# Your task
Please write out the lines of the data exactly, beginning with the first and ending with the line containing "سَقَرْ ... قالوا"; leave the pictures behind.
━━ Exercise materials
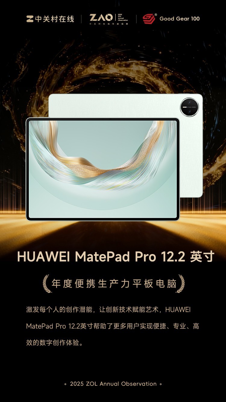 本文属于原创文章,如若转载,请注明来源:GG100 2025年度便携生产力平板电脑:HUAWEI MatePad Pro 12.2 英寸https://mobile.zol.com.cn/1096/10964640.html
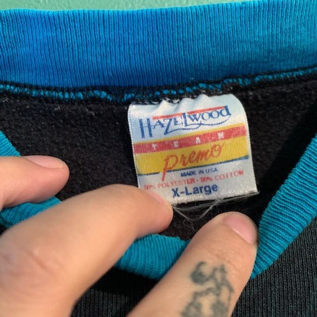 ■80~90年代頃の2とーんスエットです。水色とよく見ると柄?ロックプレートのようなパターンの2トーンとなっています。シンプルで使いやすいプレーンなアイテムですが普通過ぎないいい塩梅の一着かと思います。
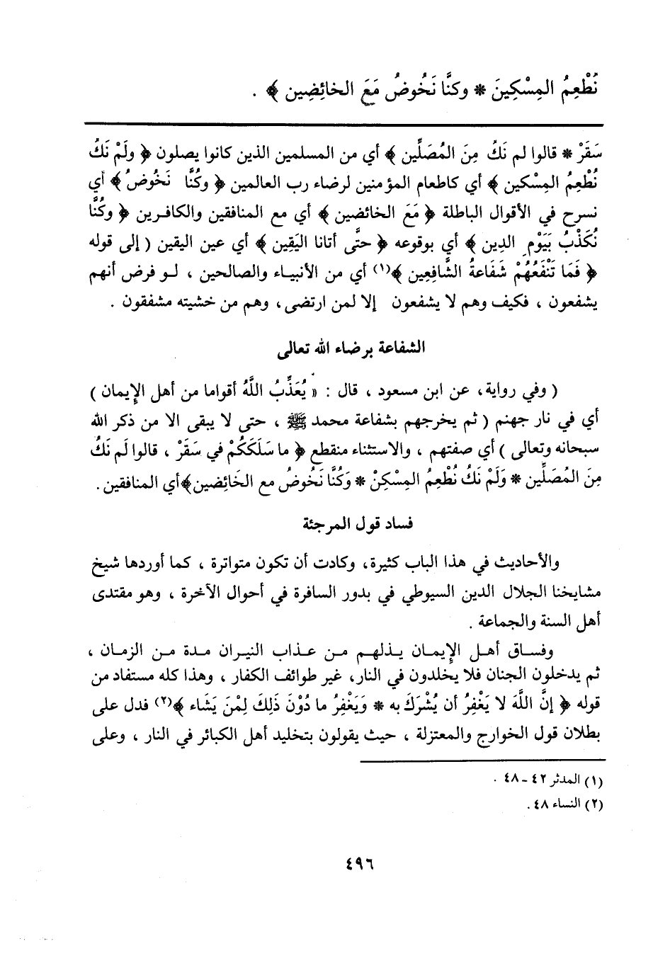 سَقَرْ ... قالوا لم نَكُ مِنَ المُصَلِّين}) أي من المسلمين الذين كانوا يصلون ({ولَمْ نَكُ نُطْعِمُ المِسْكين}) أي كإطعام المؤمنين لرضاء رب العالمين ({وكُنَّا نَخُوضُ}) أي نسرح في الأقوال الباطلة ({مَعَ الخائضين}) أي مع المنافقين والكافرين ({وكُنَّا نُكَذْبُ بيَومِ الدِين}) أي بوقوعه ({حتَّى أتانا اليَقِين}) أي عين اليقين (إلى قوله {فَمَا تَنْفَعُهُمْ شَفَاعةُ الشَّافِعِين}) (¬1) أي من الأنبياء والصالحين، لو فرض أنهم يشفعون، فكيف وهم لا يشفعون إلا لمن ارتضى، وهم من خشيته مشفقون.
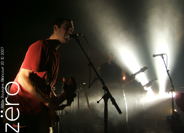Le concert de Zëro a beau avoir lieu en période de grève, alors que le thermomètre commence à atteindre des niveaux hivernaux, nous ne voulons pas manquer leur premier concert parisien depuis la sortie de leur album. La salle est située dans les entrailles de Boulogne-Billancourt, au milieu d'une résidence seventies qui donne l'impression d'être dans une station de ski mal-foutue ! Pas franchement ce qu'il y a de plus charmant… Avec nos deux heures de retard, nous avons loupé le duo Rrose Tacet et le collectif pop Lanscape qui finit son dernier morceau quand nous arrivons. Le temps de se réchauffer avec une bière, de causer un peu avec les quelques amis présents, et les quatre anciens Bästard montent sur scène. Quel plaisir de revoir leurs tronches… c'est impressionnant comme Éric Aldéa n'a pas changé… Dix bonnes années ont passées quand même et l'homme me renvoie de suite aux dernières prestations de Bästard. Rien à faire, ce groupe m'a marqué. Alors, que donne cette nouvelle formation sur scène ? Que donne la "joke box" (nom de leur premier album) en live ? La salle est à demi-pleine quand la ligne de basse irrésistible de Big Screen / Flat People entre en action. On y est. Zëro nous renvoie direct à ces si bonnes années 90. Malheureusement, le micro est coupé, et les quelques lignes de chant d'Aldéa ne pourront être entendues… Ça énerve le monsieur… Tant mieux, les lyonnais ne sont jamais aussi bons que quand ils mettent un peu de tension, évitant ainsi la béatitude post-rock. De l'autre côté de la scène, le guitariste (qui deviendra bassiste) offre le minimum, sans passion. Idem derrière le clavier, dans l'ombre. Seul Franck Laurino, le batteur y met du sien, avec ses rythmiques typiques.
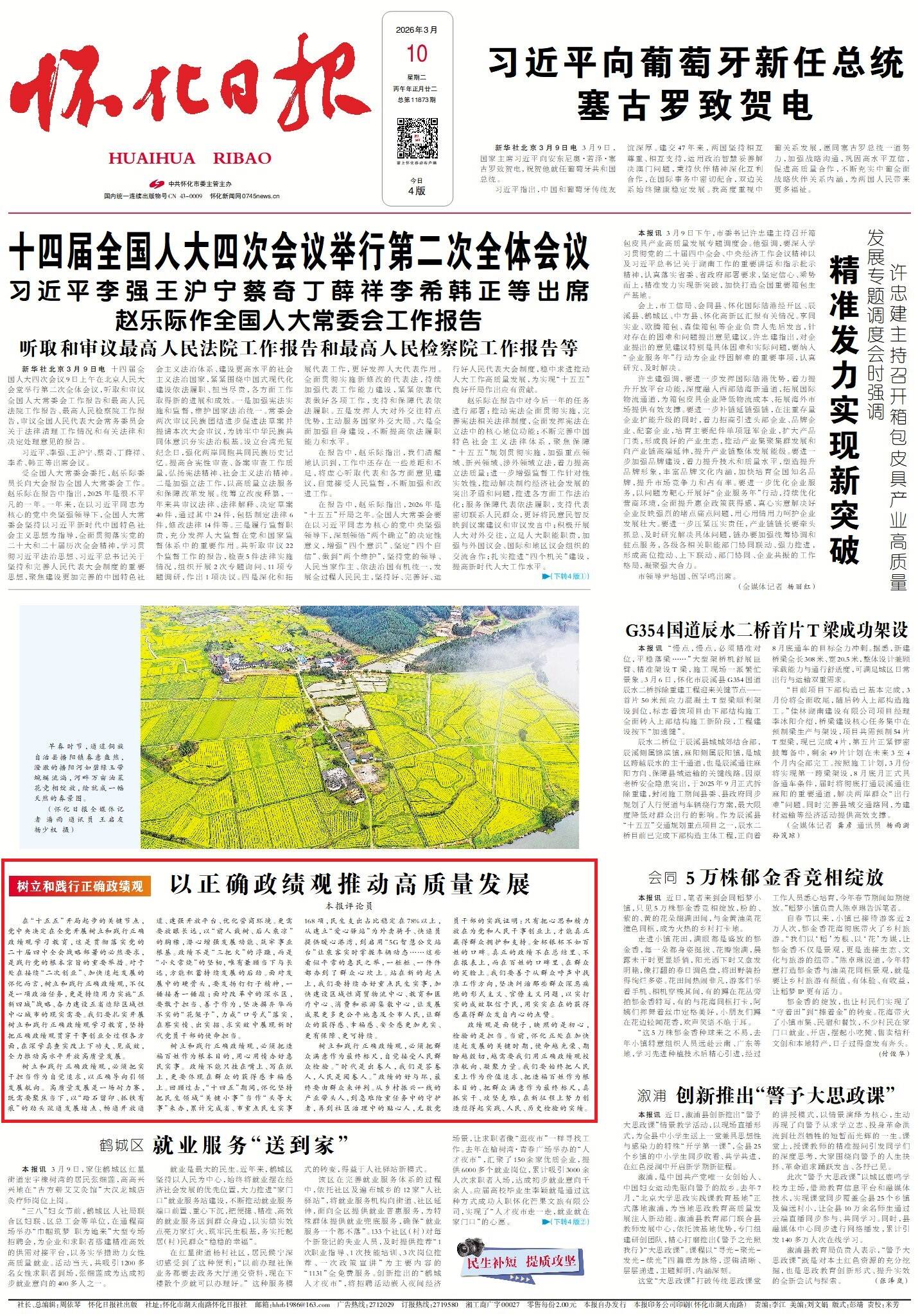 在“十五五”开局起步的关键节点,党中央决定在全党开展树立和践行正确政绩观学习教育,这是贯彻落实党的二十届四中全会战略部署的必然要求,是践行党的根本宗旨的重要举措。对于处在接续“二次创业”、加快追赶发展的怀化而言,树立和践行正确政绩观,不仅是一项政治任务,更是持续用力实施“五新四城”战略、奋力建设五省边际区域性中心城市的现实需要。我们要扎实开展树立和践行正确政绩观学习教育,坚持把正确政绩观贯穿干事创业全过程各方面,在深学真查实改上下功夫、见成效,全力推动高水平开放高质量发展。
━━━━
# Answer below
 本文属于原创文章,如若转载,请注明来源:GG100 2025年度便携生产力平板电脑:HUAWEI MatePad Pro 12.2 英寸https://mobile.zol.com.cn/1096/10964640.html
 ■80~90年代頃の2とーんスエットです。水色とよく見ると柄?ロックプレートのようなパターンの2トーンとなっています。シンプルで使いやすいプレーンなアイテムですが普通過ぎないいい塩梅の一着かと思います。
 سَقَرْ ... قالوا لم نَكُ مِنَ المُصَلِّين}) أي من المسلمين الذين كانوا يصلون ({ولَمْ نَكُ نُطْعِمُ المِسْكين}) أي كإطعام المؤمنين لرضاء رب العالمين ({وكُنَّا نَخُوضُ}) أي نسرح في الأقوال الباطلة ({مَعَ الخائضين}) أي مع المنافقين والكافرين ({وكُنَّا نُكَذْبُ بيَومِ الدِين}) أي بوقوعه ({حتَّى أتانا اليَقِين}) أي عين اليقين (إلى قوله {فَمَا تَنْفَعُهُمْ شَفَاعةُ الشَّافِعِين}) (¬1) أي من الأنبياء والصالحين، لو فرض أنهم يشفعون، فكيف وهم لا يشفعون إلا لمن ارتضى، وهم من خشيته مشفقون.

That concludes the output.